§ Data below
===

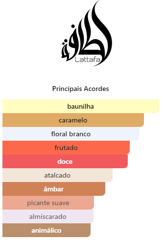 As notas de fundo são: Baunilha, Caramelo, Âmbar e Almíscar.
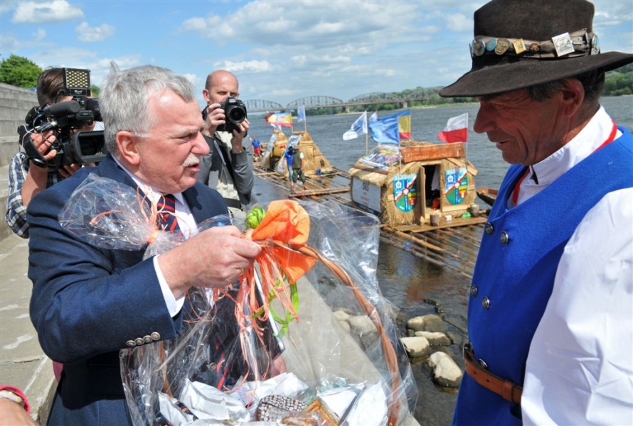 10 czerwca 2016 r. do Torunia przypłynęli flisacy z Ulanowa nad Sanem. Rozpoczęli swój flis 22 maja w Ulanowie, by uczcić 400-lecie tego podkarpackiego miasta i nawiązać do jego bogatych flisackich tradycji. 18 czerwca chcą dopłynąć Wisłą do Gdańska. Na trasie spływu nie mogło oczywiście zabraknąć Torunia, gdzie na nabrzeżu powitała ich piernikami delegacja na czele z zastępcą prezydenta Torunia Zbigniewem Fiderewiczem. Fot. Małgorzata Litwin
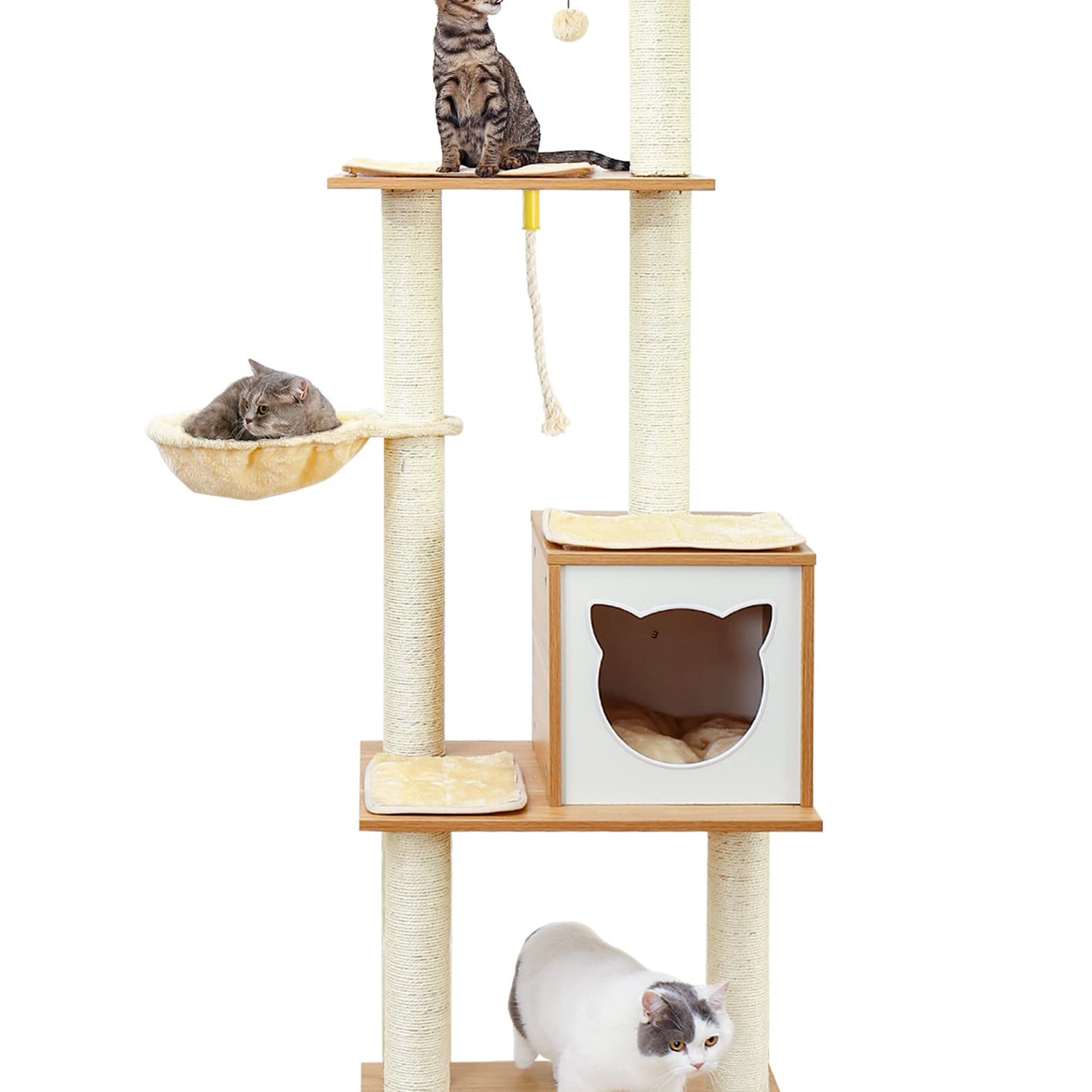 Made4Pets Cat Tree, Modern Cat Tree Tower for Indoor Cats - 65" Tall Wood Condo with Hammock, Scratching Post and Removable Pads for Small Large Cats

===

§ Your objective
Output the listing unchanged, pictures excluded.

§ Task response
 As notas de fundo são: Baunilha, Caramelo, Âmbar e Almíscar.
 10 czerwca 2016 r. do Torunia przypłynęli flisacy z Ulanowa nad Sanem. Rozpoczęli swój flis 22 maja w Ulanowie, by uczcić 400-lecie tego podkarpackiego miasta i nawiązać do jego bogatych flisackich tradycji. 18 czerwca chcą dopłynąć Wisłą do Gdańska. Na trasie spływu nie mogło oczywiście zabraknąć Torunia, gdzie na nabrzeżu powitała ich piernikami delegacja na czele z zastępcą prezydenta Torunia Zbigniewem Fiderewiczem. Fot. Małgorzata Litwin
 Made4Pets Cat Tree, Modern Cat Tree Tower for Indoor Cats - 65" Tall Wood Condo with Hammock, Scratching Post and Removable Pads for Small Large Cats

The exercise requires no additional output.